August 22, 2007

Summer Reading

One of my chosen modules for the coming academic year is the English Nineteenth-Century Novel.

I will be honest with you. I chose the module, not because I am striving to challenge myself and further my mental capacities into unknown territory, but because I had read several books on the list and seen versions of many of the others on TV. And they were of the type I enjoyed reading, and watching.

When choosing modules, I was very close to picking the European Novel instead, but, knowing full well I am a slow reader incapable of skimming, I forced myself to set aside any thoughts in that direction. I can read those classics (along with The Illiad, The Odyssey and Paradise Lost which I missed in the Epic module last year) whenever I wish, individual of a University course, without the pressure of my reading being scrutinised. I do not pretend to be smarter than I am, and will not lie about it. My academic writing needs to be fine tuned, and my objective is to receive good results on my degree, not to challenge myself to a level higher than I am capable of excelling in.

The books I had already read were as follows: The Picture of Dorian Grey (Wilde), Tess of the d'Urbervilles (Hardy), and The Mill on the Floss (Eliot). I have seen television versions of Bleak House (Dickens), North and South (Gaskell), and two each of Persuasion (Austen) and Tess. Many of the author's works I am already familiar with (Austen, Dickens, Hardy, Eliot, C. Brontë, and Wilde).

So far this summer, I have read Persuasion, Shelley's Frankenstein, and Gissing's New Grub Street.

I had never heard of George Gissing before, and was put off by finding images of him on Google with the precise sort of moustache I hate; however, moustaches aside, I found his writing to be brilliant. He speaks with such accuracy of character objectives, that you understand each and every one of them, and see yourself reflected from the page in sentences which mirror (many times shameful) truths at you ... 'Satisfied that he did not value her, to begin with, for her own sake, she was very willing to accept money as her ally in the winning of his love' ... 'But the thing [one most desires] is impossible, and, what's more, we know what ridiculous fallibility people display when they imagine they have found the best substitute for that indiscoverable' ... ‘all this is contemptible, of course; but we live in a contemptible society, and can’t help ourselves.’

I especially found myself identifying with Marian. ‘She could not breathe a word which might be interpreted as fear lest the change of her circumstances should make a change in his feeling. Yet that was in her mind. The existence of such a fear meant, of course, that she did not entirely trust him, and viewed his character as something less than noble ... Passion is comipatible with a great many of these imperfections of intellectual esteem. To see more clearly into Jasper’s personality was, for Marian, to suffer the intolerable dread lest she should lose him.’

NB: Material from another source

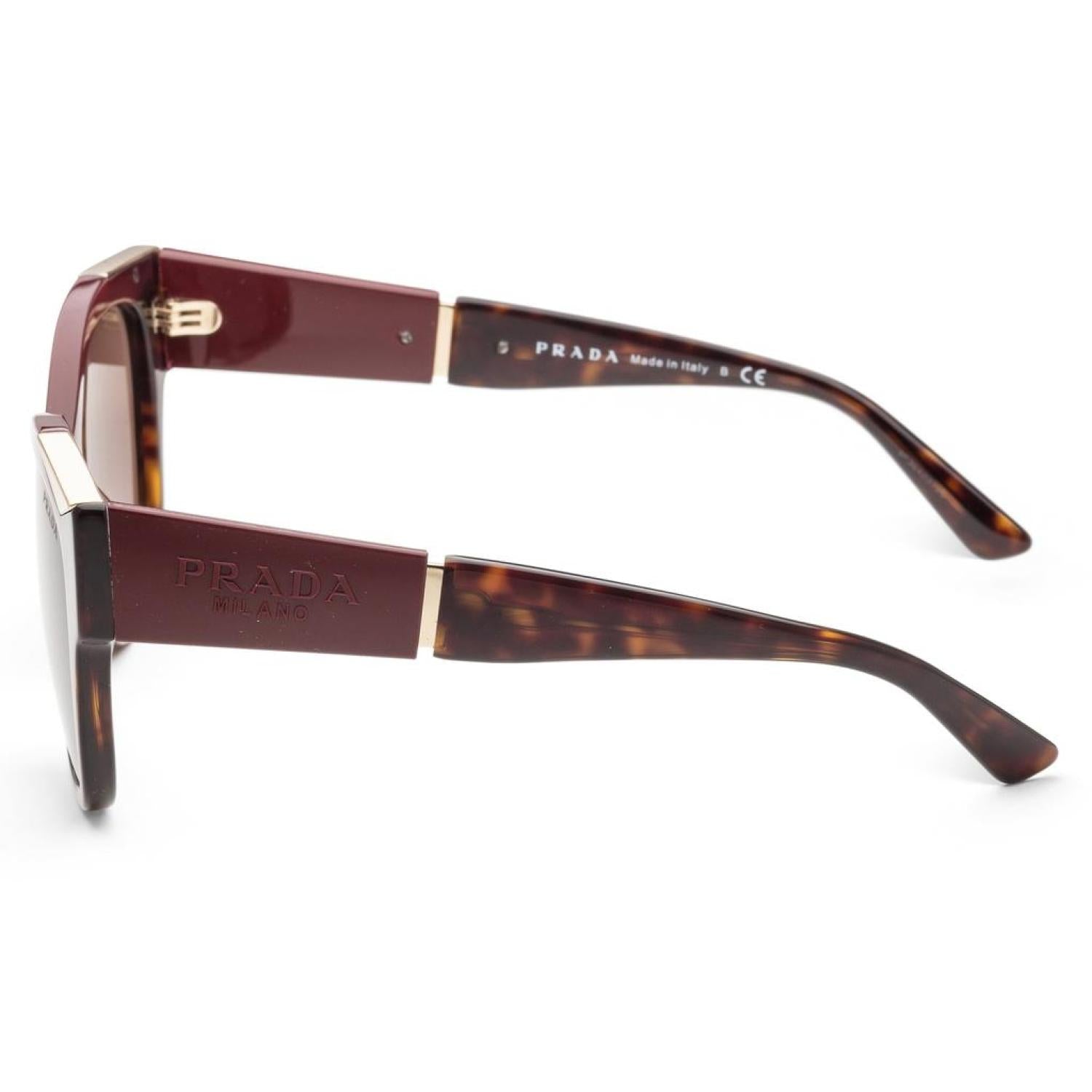 The Prada women's Sunglasses measure at 54 mm lens width, 19 mm bridge width, and 140 mm arm length. The frame is pillow-shaped cherry/dark havana acetate. The lenses are non-polarized dark brown. Made in Italy (PR02WS-07C0D1-54)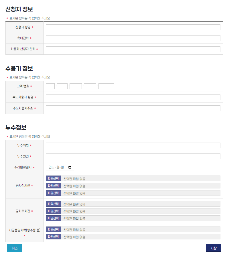 ✅ 누수로 인한 요금 부과로 인해서 감면 신청을 하는 서비스도 있습니다. 신청 화면을 들어가시면 [개인정보]를 적으시고 [수용가정보 즉 고객번호, 수도 사용자 이름과 주소]를 기입하시고 누수 위치와 누수 원인 증명 사진 그리고 수리 완료 일자를 기제하시면 부과된 수도세에 대한 감면을 진행해주는 서비스도 있습니다.

I couldn’t resist, halfway through the book, to flip to the last page (as any thirteen year old might do), to read the last couple of sentences. I couldn’t believe what was there. No happy ending, that’s for sure. Gissing’s insightful style, having inspired you with the hope that he – who clearly wanted his characters to have a happy ending – will fulfil all that they desire, defies its own empathetic tendencies. At least, you might think, he could have given all of his characters an equilibrium of misery. However, he allows the characters who live with a conscious desire to retain money and social standing their happy world of dreamy bliss, and allows the characters who have ideals not to do with the gaining of money of social rank to die in lonely squalor. The sorrow of the book’s ending, though it may leave you with the flavour of intense disgust in you mouth, is entirely faithful to the realities of life in the human hive.

So I attempted to face a creative exercise, though it was less of an attempt at creativity, and more of an attempt to verbalise my own experiences of the previous year in the truthful, pitiless style of Gissing. Halfway through it, however, I finished New Grub Street and began Bleak House, and the effect of what your reading has upon what your writing has never struck me so full in the face. What to admire about Dickens is his use of comic irony, lively listful descriptions, and the grotesque; noting this my writing moved away from Gissing’s in a way I did not approve of. So I stopped reading Dickens to finish my own exercise in order to stay truthful to the style I, for that moment, more admired.

For me, Gissing’s writing has been a great eye opener for how close to life writing can be, and how success in this genre (realism) is found in putting that which you truly have felt, or know others have felt around you, into precise wording, regardless of any shame that may be felt by it.